Running Out of Oil?
Nicolas Loris /
As recent as last summer an article in The Independent, citing assessment from the lead economist at the International Energy Agency (IEA) warned that “The world is heading for a catastrophic energy crunch that could cripple a global economic recovery because most of the major oil fields in the world have passed their peak production.” The 2008 report urged that we are at a crossroads and we need to transition rapidly to a low carbon fuel economy. It’s certainly not a new argument; it was a consensus in the 1970s that we were running out of oil too. Since oil is a finite resource, as a matter of physics, we will eventually run out of oil says George Mason professor Don Boudreaux. But,
Conventional wisdom, however, often is handicapped by a poor grasp of economics.

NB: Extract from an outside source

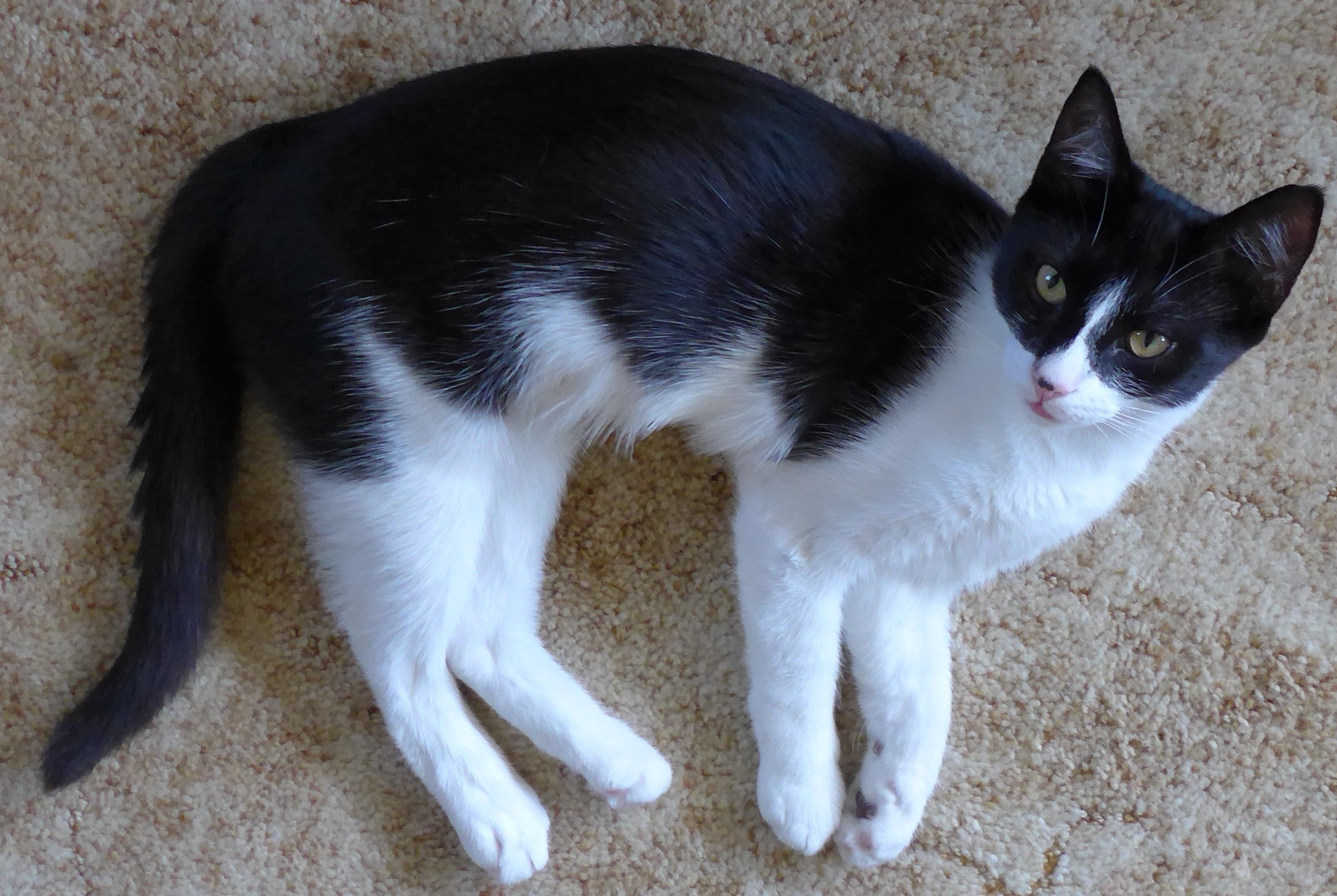 SYDNEY is a handsome black and white male kitten with gorgeous markings. He is very playful and loves to talk and tell you all his problems. He is happy to entertain himself but at the same time loves attention, enjoys a cuddle while sitting and relaxing with you. Sydney gets on great with other cats, not sure about dogs but I think he would adjust to anything new very quickly as his very easy going and patient.

And among the important lessons of economics is that the supply of resources is less a matter of physics than of, well, economics. First, no mineral, no plant, no geographical location, no anything becomes a resource unless and until human creativity and ingenuity figure out how to put that thing to use in a manner that satisfies human wants. Petroleum was no resource to our ancestors who had yet to grasp the fact that it can be refined and burned in ways that improve the quality of life. In fact, I suspect that whenever that gooey, noxious black stuff appeared in freshwater creeks in pre-Columbian Pennsylvania, natives of that region regarded it as a nuisance.